Marty in Cabin in the Woods bleeds from the forehead while holding a baseball bat

Marty in Cabin in the Woods
Photo: Lionsgate

Drew Goddard’s Cabin in the Woods targets many a horror trope on its satirical spear, including the slasher movie stoner. Marty (Fran Kranz) may as well be a Shaggy clone. Kranz’s mussed hair, cheeky humor, and ever more paranoid personality make him instantly recognizable as the burnout stereotype who’ll be gone before the final act. Here, though, Marty’s stoner status actually saves his lifeThis is a… for a while. His stash is what helps him survive as it gives him insight and hyper-awareness, helping him figure out the truth at the heart of Cabin in the Woods. But Marty has smoked far too much high grade to actually survive — there are rules, after all — so as the movie ends he’s left with the fate of the world in his hands, and he chooses to let it end. Shaggy would never.
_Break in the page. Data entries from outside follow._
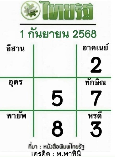 - เลขเด็ด ไทยรัฐ : 2-3-5-7-8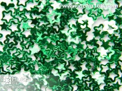金蔥粉:又名閃光片。包括鋁質(zhì)金蔥粉,聚酯金蔥粉,幻彩粉,鐳射金蔥粉等。有鋁質(zhì),PET,PVC材質(zhì)。大小規(guī)格(size)由1/256(0、1mm)至1/8(3、0mm)。形狀有六角形,四角形,長(zhǎng)條針形和不規(guī)則形狀,并有多種顏色可供選擇。各種材質(zhì)金蔥粉可不同程度承受高溫(由80*C,180*C,300*C不等) 。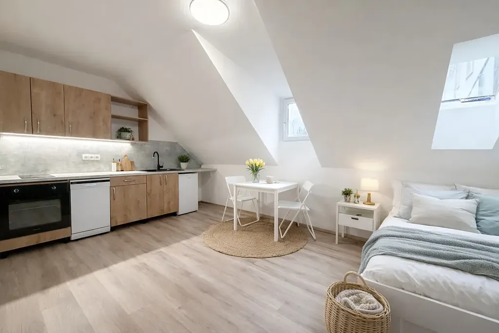 Byt disponuje vstupní chodbou, moderní koupelnou se sprchovým koutem a pračkou. Hlavní obytný prostor je prakticky řešen a nabízí plně vybavenou kuchyňskou linku se spotřebiči – troubou, myčkou nádobí, vařičem a dostatkem úložných prostor. Součástí vybavení je dále rozkládací postel s úložným prostorem a šatní skříň. Byt je po kompletní rekonstrukci a připraven k okamžitému nastěhování bez nutnosti dalších investic.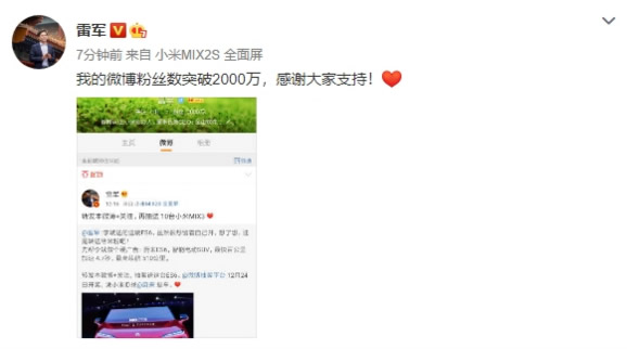 没想到,雷军的微博粉丝突破 2000 万了。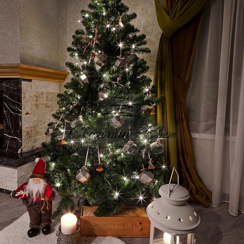 Гирлянда «Твинкл» длиной 20 метров — это оптимальный вариант, если нужно украсить высокую новогоднюю ель. Гибкий провод из темно-зеленого ПВХ не выделяется на фоне кроны аналогичного цвета и представляет вниманию только россыпь сверкающих огней, обрамляющих пушистые ветки. 160 диодов излучают приятный желтый свет, экономно потребляют энергию и не нагреваются. Восемь светодинамических режимов переключаются одним нажатием на кнопку контроллера. Устройство управления позволяет выбрать собственный сценарий свечения. Для подключения к сети предусмотрен кабель длиной 3 метра.
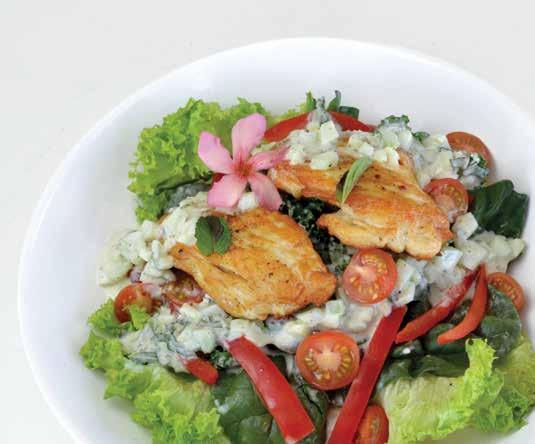 Para el aderezo griego Tzatziki, se pica finamente las hojas de menta y hierbabuena, el ajo y el pepino sin cascara ni semillas también finamente picados y se agrega todo en un recipiente junto con el Yogurt, el sumo de limón amarillo, el aceite de olivo y se condimenta al gusto con sal y pimienta verde. se reserva en el refrigerador. se sazona con sal y pimienta la pechuga y se cocina en un sartén, se cortan las verduras en trozos de bocado y se mezclan en un bowl y se adereza con el tzatziki y se sirve el pollo cortado en fajitas y pistaches. Disfrutar.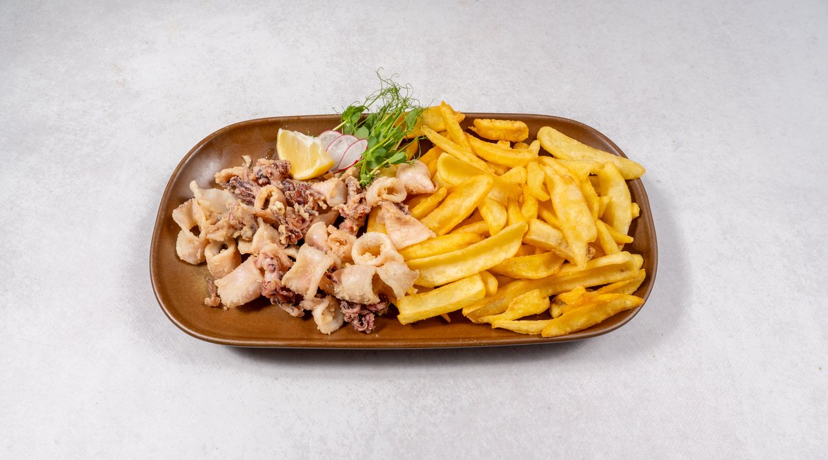 Divlja riba, lignje, škampi, rošpo, pedoči, kanaštrele, blitva i krumpir

Now, of course, smoking weed in horror movies isn’t always fatal. But even in cases where characters don’t die, smoking weed often foreshadows the nightmarish events to come. Before she’s hunted down by her sometimes brother Michael Myers in Halloween, Laurie Strode (Jamie Lee Curtis) shares a joint with her soon-to-be dead buddy Annie. It’s not just teenagers either as Poltergeist so deftly warns viewers. The parents of the soon-to-be haunted family are shown casually smoking in bed just before their lives are turned upside down by their choice to move into a home built on an indigenous burial ground. So beware if you smoke weed in genre flicks at all, your luck is about to run out. Although, if you look and/or act like Scooby-Doo’s best bud then your days are far more likely to be numbered.

Over the years, the slasher stoner has shifted from stark morality tales in films like Sleepaway Camp II: Unhappy Campers and Friday, 13th III Subversive comedy relief. Shaggy is a constant influence through all this. What’s next for the Shaggy? Does the marijuana user become more disposable as legal recreational cannabis is made available across the nation? Only the future of horror can answer, but it’s interesting to remember that when Shaggy debuted the legal status of weed was also in flux. Maybe as that landscape shifts once again, Shaggy’s influence can even shift how stoners are treated in horror. Shaggy survived over the decades so perhaps a true slasher stoner will, too.